Como cada jueves, Tamara Falcó, Cristina Pardo, Juan del Val y Nuria Roca, han acudido a 'El Hormiguero' para desgranado toda la actualidad. Entre los varios temas, Pablo Motos y la marquesa de Griñón se han picado un poco, y es que según Tamara, el presentador es un poco complicado. Muchas son las veces que ha habido en el programa cierta guasa porque Motos es un poco especialito con la comida. Es más, para la boda de Tamara Falcó e Íñigo Onieva, la colaboradora le hizo un menú a parte.

El presentador se paraba casi al final de la tertulia para contar una anécdota que le pasó en un restaurante. "Quedo con unos amigos en un restaurante de cocina creativa, que ya mal. Para mí, mal. Son 27 platos y luego se te queda el estómago al revés. Me puse malo. Por no anular la cena, llego a la cena y les digo a los del restaurante: 'Perdonad, pero es que estoy malo y el menú degustación que tiene 27 platos no me lo voy a poder tomar'. El camarero empezó a decirme: 'Pero, ¿usted sabe lo que ha hecho? Que es que ya está todo preparado. El chef ya ha preparado su menú'. Yo solo podía pensar que si lo que quería era que me lo comiera y me muriese", y les preguntó que si le podían hacer un caldo de pollo.

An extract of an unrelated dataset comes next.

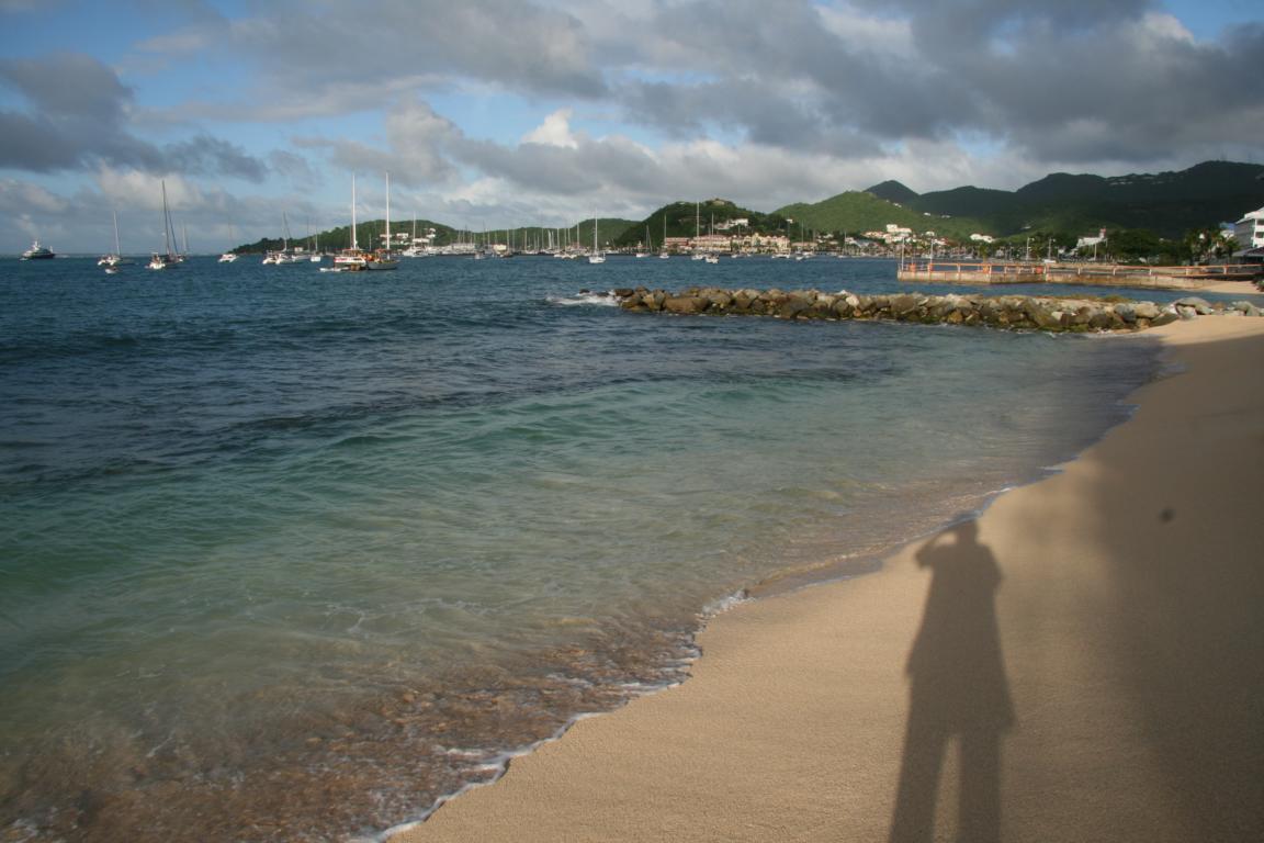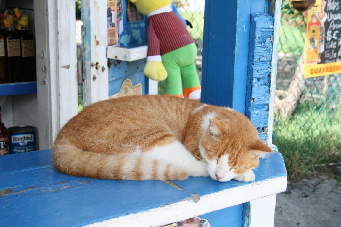 Wir fahren zu dem kleinen Regionalflughafen, wo Okke die Maschine, die gerade gelandet war, noch einmal beim Abflug erwischt, und dann geht es weiter in den nördlichen Bereich der Insel. Dort gibt es eine Stelle auf einem Berg wo ein paar kleine Gebäude mit Andenkenläden stehen. Einer bietet Gewürze und den hier typischen aromatisierten Rum an - aber mir scheint das alles zu teuer. Ich mache ein Foto von der Katze. Als ich dann nichts kaufe heißt es plötzlich ok, dann solle ich jetzt den Dollar für das Foto zahlen.Irgendwo stand ein Holzschuh, den ich vorher gar nicht gesehen hatte, auf dem etwas geschrieben stand, was kaum lesbar war. Die Dame hinter dem Tresen meinte dann irgendetwas von sie würde sich um herrenlose Tiere kümmern - verstanden habe ich es nicht wirklich und meinte ok, dann würde ich jetzt das Foto löschen. Die weitere sprachliche Auseinandersetzung erfolgte auf einer Nichtverständnisebene - schließlich meinte sie ich solle gehen, was ich dann tat - mit dem Foto und ohne Dollar. Abends im Supermarkt finde ich die gleichen Produkte. Das Glas mit Gewürzen, das sie mir angeboten hat und für das sie 12 Dollar oder Euro (ich bin ja im französischen Teil, also müssten es Euros sein) kostet dort 5.95 Euro.

Muy ofencida, Tamara Falcó le respondía: "Deberías entrar en una de esas cocinas y ponerte ahí. Son días y días, bueno, son meses de elaboración del menú. Producto fresco hay por un tubo, pero, ¿sabes la de partidas y de cocineros que hacen falta para hacer un menú de 27 platos? Te lo voy a poner de otra forma, te lo voy a poner en tú programa. ¿Qué pasa si llega el invitado y te dice: 'Es que a mí lo que me divierte no son las hormigas, es bailar aquí una jota. Quita'?. Pablo Motos se terminaba picando y ponía de ejemplo una anécdota que le pasó con su madre, Isabel Preysler.

"No me piques porque me estoy acordando de una cosa. Cuando vino aquí tu madre, me dijo mi perfil bueno es tu silla, y yo me cambié de sitio. Si quiere alguien bailar una jota, cualquiera de los invitados de la semana que viene, que me lo diga,yo estoy aquí para servir, no para reñir", le recriminaba a Tamara.